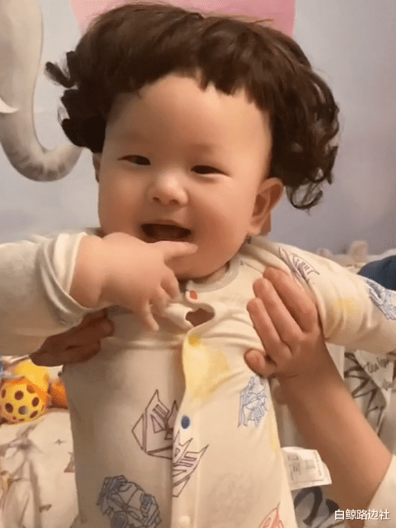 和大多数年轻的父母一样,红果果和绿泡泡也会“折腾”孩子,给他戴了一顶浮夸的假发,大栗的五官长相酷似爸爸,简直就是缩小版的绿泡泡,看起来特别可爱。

--

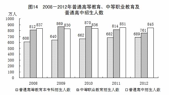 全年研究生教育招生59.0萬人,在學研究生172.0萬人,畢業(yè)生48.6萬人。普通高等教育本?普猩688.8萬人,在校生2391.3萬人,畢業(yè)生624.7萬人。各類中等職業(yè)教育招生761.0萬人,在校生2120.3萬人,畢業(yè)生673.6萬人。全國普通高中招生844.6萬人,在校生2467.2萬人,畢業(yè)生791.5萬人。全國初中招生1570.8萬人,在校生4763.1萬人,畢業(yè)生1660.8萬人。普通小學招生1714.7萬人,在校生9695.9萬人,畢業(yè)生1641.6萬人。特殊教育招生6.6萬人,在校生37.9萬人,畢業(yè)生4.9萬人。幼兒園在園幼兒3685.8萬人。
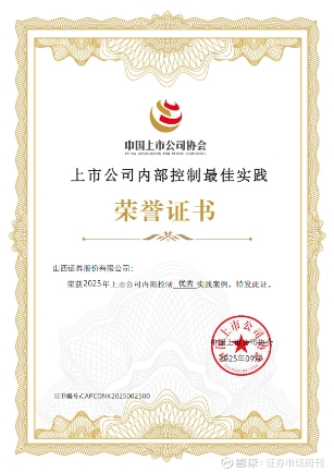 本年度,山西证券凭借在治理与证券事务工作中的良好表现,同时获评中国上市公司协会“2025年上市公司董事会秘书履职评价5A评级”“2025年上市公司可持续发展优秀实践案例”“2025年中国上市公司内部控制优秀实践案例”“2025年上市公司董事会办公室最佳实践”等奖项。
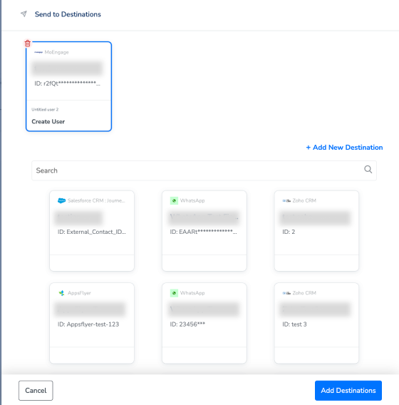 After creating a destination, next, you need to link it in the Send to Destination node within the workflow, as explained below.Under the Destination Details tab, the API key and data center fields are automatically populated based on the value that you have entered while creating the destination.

§ **Problem statement**
Although the records above contain pictures, the copy must not; set down exactly the lines from the one with "全年研究生教育招生59.0萬" up to and including the one with "After creating a".

§ **Output below**
 全年研究生教育招生59.0萬人,在學研究生172.0萬人,畢業(yè)生48.6萬人。普通高等教育本?普猩688.8萬人,在校生2391.3萬人,畢業(yè)生624.7萬人。各類中等職業(yè)教育招生761.0萬人,在校生2120.3萬人,畢業(yè)生673.6萬人。全國普通高中招生844.6萬人,在校生2467.2萬人,畢業(yè)生791.5萬人。全國初中招生1570.8萬人,在校生4763.1萬人,畢業(yè)生1660.8萬人。普通小學招生1714.7萬人,在校生9695.9萬人,畢業(yè)生1641.6萬人。特殊教育招生6.6萬人,在校生37.9萬人,畢業(yè)生4.9萬人。幼兒園在園幼兒3685.8萬人。
 本年度,山西证券凭借在治理与证券事务工作中的良好表现,同时获评中国上市公司协会“2025年上市公司董事会秘书履职评价5A评级”“2025年上市公司可持续发展优秀实践案例”“2025年中国上市公司内部控制优秀实践案例”“2025年上市公司董事会办公室最佳实践”等奖项。
 After creating a destination, next, you need to link it in the Send to Destination node within the workflow, as explained below.Under the Destination Details tab, the API key and data center fields are automatically populated based on the value that you have entered while creating the destination.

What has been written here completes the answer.